American Schools Are Training Kids for a World That Doesn’t Exist - ingve
http://www.wired.com/2014/10/on-learning-by-doing
======
pdkl95
[http://www.nytimes.com/2014/07/27/magazine/why-do-
americans-...](http://www.nytimes.com/2014/07/27/magazine/why-do-americans-
stink-at-math.html)

This is one of the better articles I have read regarding the education issues
that are far too common. More importantly, it actually addresses the root
problem instead of reiterating what the the results should look like.
Applicability to a job is nice, but it is a goal, not a cause. Switching to
new teaching standards such as New Math or Common Core is also a goal; they
are selected with the hope that students will learn important, modern methods
instead the techniques we _used_ to use.

The problem is that goals don't matter if most people don't actually reach
them, and we shouldn't _expect_ people to reach any of these goals when
many[1] of the _teachers_ are just as unprepared.

The article discusses one approach to fixing this, that seems to have had some
success in Japan, where teachers have a far lighter workload, and are given
paid time to research _methods of teaching_ and opportunity experimentally try
them, and far more opportunities to continue their own education and learn the
from other teachers. This means a few months every year, not a weekend
conference once a year. There are probably a variety of ways to solve this
problem, but any proposal needs to address teacher ability first[2].

[1] Note: this is about elementary level teaching, and "many" != "all".

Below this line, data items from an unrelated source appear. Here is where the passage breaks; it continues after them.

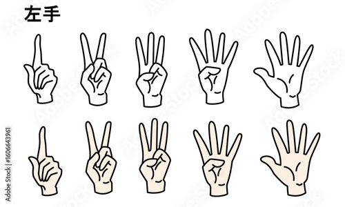 © ふぁじ, Obraz premium 指で数字を表す手のイラスト(左手)
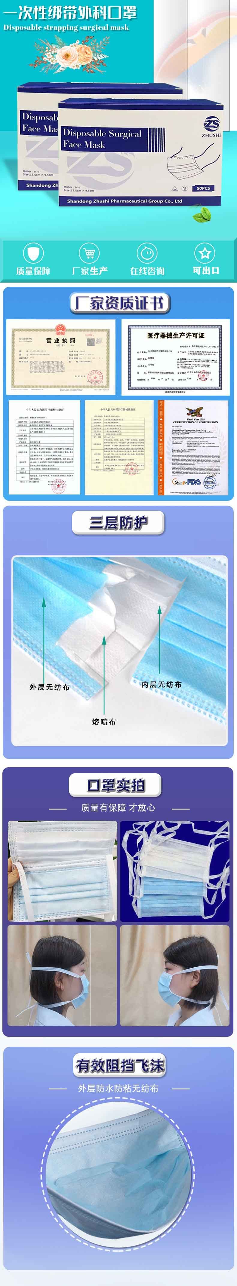 | 产品用途 | 一次性绑带口罩 三证齐全三层防护现货速发 牢固耐拉扯不易坏 超声波精准点焊牢固耐拉扯无惧脱落更放心 三层防护层层过滤 飞沫花粉粉尘病毒 **层:阻隔大颗粒粉尘、细菌 第二层:过滤微小病毒 第三层:不含玻璃纤维,保护肌肤 细菌过滤效率≥99% |
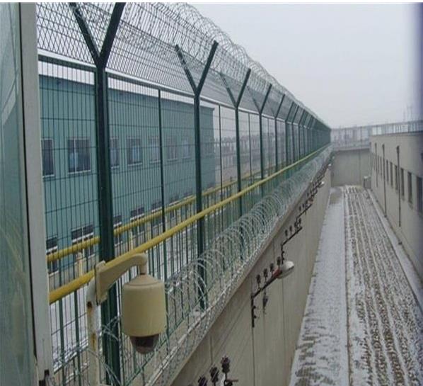 监狱焊接刀刺片围网 焊接刀刺隔离网 焊接刀片隔离栅, 艾瑞监狱钢网墙主要是采用高强度的刀片刺网与普通防护网的结合,由V型支架立拄,加强型焊接片网,安全防盗连接件和刀片刺网组成.刀片刺网是一种新型防护网,由锐利尖角镀锌钢板或不锈钢薄板做刀片,钢丝做芯线组合而成的.
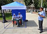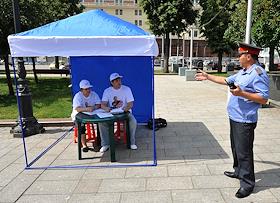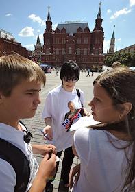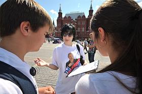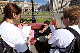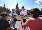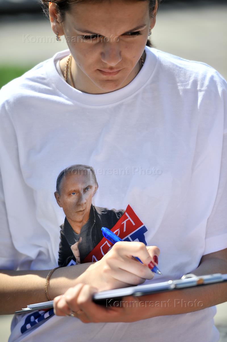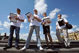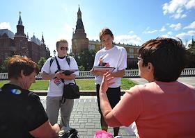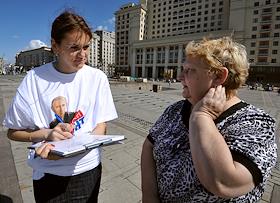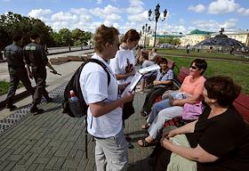 Участники социального опроса москвичей "О программе Общероссийского народного фронта". Соцопрос проведен активистами московского городского отделения движения "Молодая гвардия Единой России". Опрос прошел на Манежной площади.

[2] As Chevalier discusses, the availability of massive amounts of educational
opportunities on the internet might be changing the entire concept of "getting
an education".

------
whoopdedo
I think there's a feedback mechanism in effect. The people who benefit the
most from the way schools work become the leaders who decide how schools
should work. To their perception, the education provided is perfectly adequate
for preparing students. So if you don't succeed in a career after going
through the school system, it must be something you did wrong.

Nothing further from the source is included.